だいぶわかってきたな。なんせ92人目やからね。

戦後文学において袖といえば、
坊主頭の少年が鼻水でカピカピにしてるものなのになぁ。

えらい違いますなぁ。

衣服が和から洋へと変わる中で、
涙をふくものが、袖から木綿のハンカチーフになっていったんでしょうなぁ。

♪あ・な・た最後のわがまま
 贈り物をねだるわ〜
 ねえ涙吹く正絹の〜
 小袖をください〜
 小袖をください〜  ♪

そんな感じやね。
一気に国風文学の世界に飛べるし。
さわやかさが、一転。
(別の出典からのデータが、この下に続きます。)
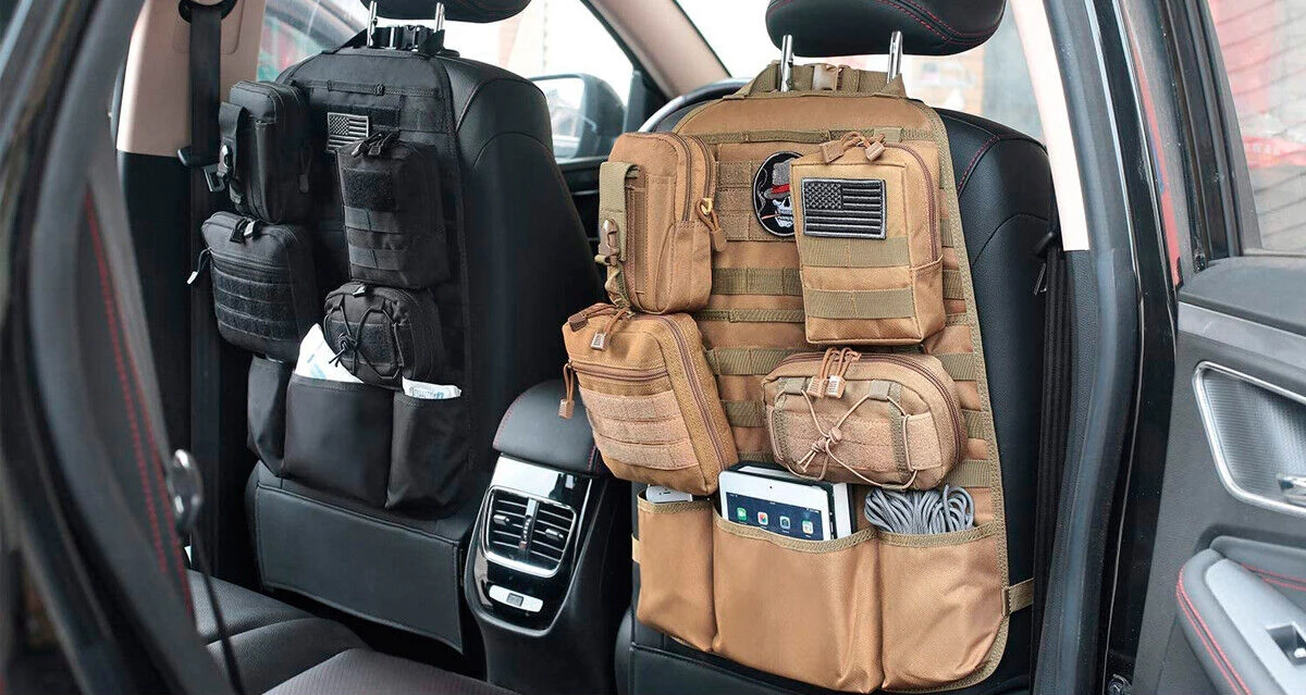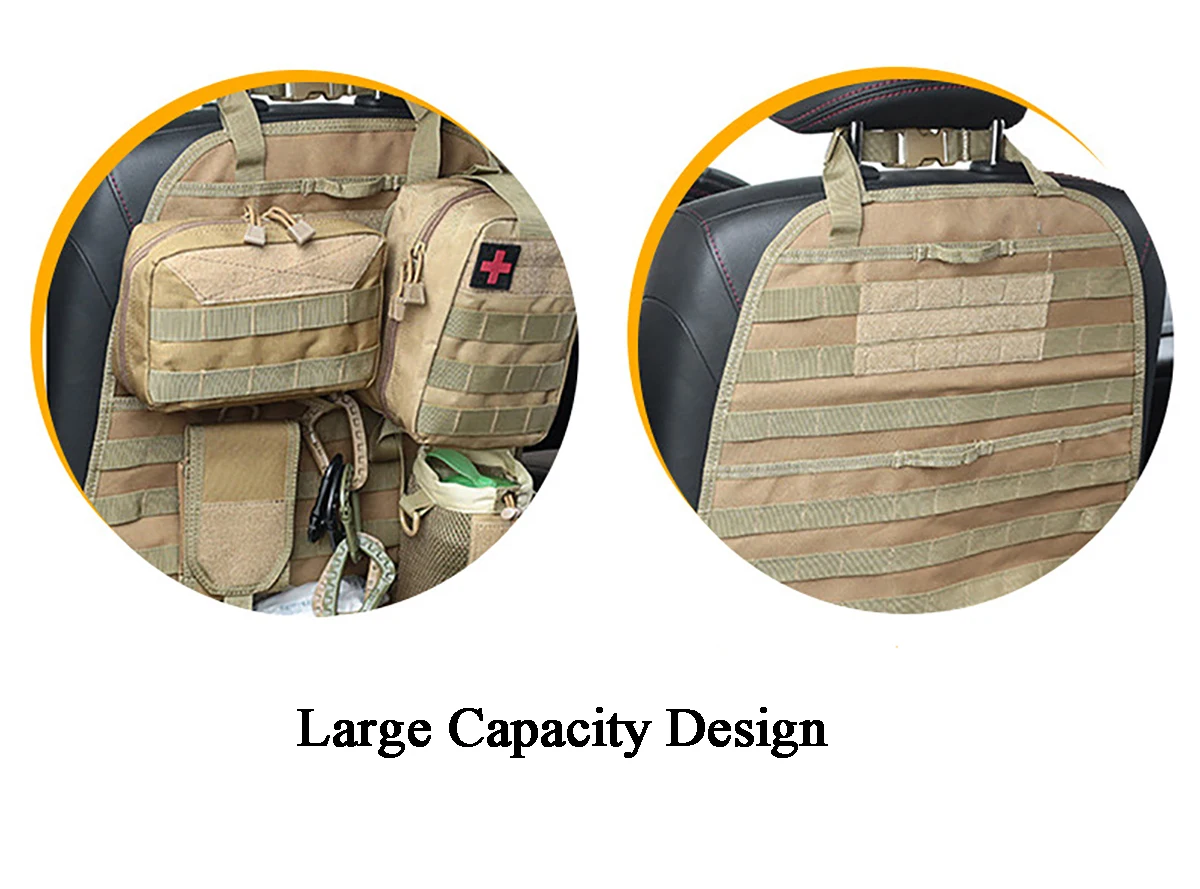 ➤ El bolsillo trasero del asiento del automóvil está diseñado con un sistema Molle que permite agregar diferentes artículos a la bolsa para expandir el espacio del usuario.

媚っぽくなりましたね。

そうか。袖系の歌は、ひょっとしたら
着物をねだっている歌なのかもしれないぞ!
これって!新たな解釈じゃない?!
どうですか!?
(誰に聞いているのか・・・?)

この後、袖系の歌が出てきたらどうしよう。
もう、ネタが無い。
無い袖はふれんよ。
お!うまい!

調べてみたら、95番も袖系ということが判明。
袖か〜。

(現代語訳・作者解説は、Webサイト小倉百人一首さんhttp://www.watarase.ne.jp/hyakunin/から引用しました。)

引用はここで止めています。